Status code 428 is intended to prevent the 'lost update' problem. This problem arises when a client makes a GET request on a given resource's state, changes said state, and PUTs it back. And at the same time another client has made a change on the same resource on the server.
HTTP 428 Precondition Required is a client error status code indicating that the server requires the request to be conditional. It means a required precondition header — such as If-Match or If-Unmodified-Since — is missing from the request. The server will not process the request until the client resubmits it with the appropriate header.
A server returns 428 when it has been configured to require conditional requests for certain operations — most commonly PUT requests that modify a resource. This is especially common in APIs that handle concurrent edits, where the server needs to verify the client is working from the latest version of a resource before accepting changes.

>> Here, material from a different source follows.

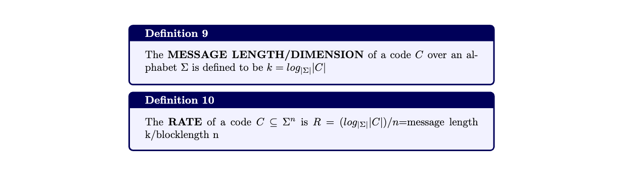 definitions - hamming distance, ball, volume, code dimension, rate, weight and hamming bound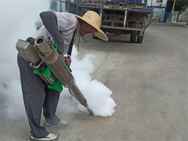 伴随着嗡嗡的喷洒声,专业消杀人员身背超低容量喷雾机,对绿化带、下水道、地下车库等易孳生蚊虫的区域进行全覆盖喷洒。针对无法清除的积水点位,工作人员精准投放了灭蚊蚴剂,从源头切断蚊虫繁殖链条。

To fix a 428 error, add the precondition header the server requires to your request. First, fetch the current state of the resource (typically via GET) to obtain its ETag or last-modified timestamp, then include that value in an If-Match or If-Unmodified-Since header on your update request. Check the API documentation to confirm which specific header the server expects.

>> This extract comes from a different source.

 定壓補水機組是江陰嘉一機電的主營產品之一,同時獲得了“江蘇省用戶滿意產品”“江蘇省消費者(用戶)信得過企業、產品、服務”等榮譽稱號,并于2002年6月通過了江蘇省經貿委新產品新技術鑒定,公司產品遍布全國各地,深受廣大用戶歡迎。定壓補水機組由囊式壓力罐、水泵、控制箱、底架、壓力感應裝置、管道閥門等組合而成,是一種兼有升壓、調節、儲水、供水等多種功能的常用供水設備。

Both codes relate to preconditions, but they signal different problems. A 428 means the required precondition header is entirely absent from the request. A 412 Precondition Failed means the header was present but its value did not match the server's current resource state — for example, the ETag you sent no longer matches because someone else already updated the resource.

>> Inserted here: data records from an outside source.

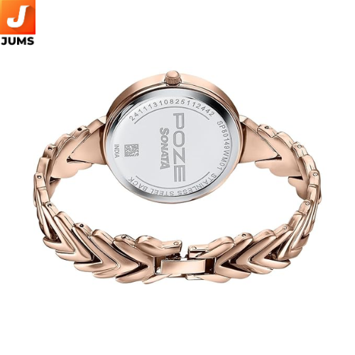This watch features a white Mother of Pearl (MOP) dial that gives a subtle shimmer and elegant look, paired with a rose‑gold‑tone alloy strap for a fashionable finish that works well with both casual and dressy outfits. It uses a quartz movement for dependable timekeeping and has a round analog display with a clean, easy‑to‑read face.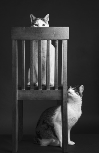 - This photo was taken in a studio session with two of my cats. I had a child size chair set up and immediately the cats were playing and interacting with each other and me. This was taken with a Canon 5D Mark 111 and EF 24-70 2.8 11 lens and converted into black and white. Thank you for the Mark of Excellence award.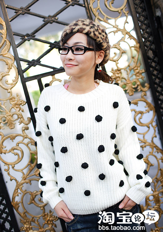 时尚圆点图案蝙蝠收口袖毛衫 这款兔毛的毛衣

HTTP 428 is designed to prevent the "lost update" problem in concurrent environments. This occurs when two clients retrieve the same resource, make independent changes, and then both submit updates — causing the first client's changes to be silently overwritten by the second. By requiring conditional headers, the server ensures each client confirms the resource has not changed before its update is accepted.
The most common headers used to satisfy a 428 requirement are If-Match (paired with an ETag value) and If-Unmodified-Since (paired with a timestamp). Other valid conditional headers include If-None-Match, If-Modified-Since, and If-Range. The specific header required depends on how the server is implemented, so consult the API documentation when in doubt.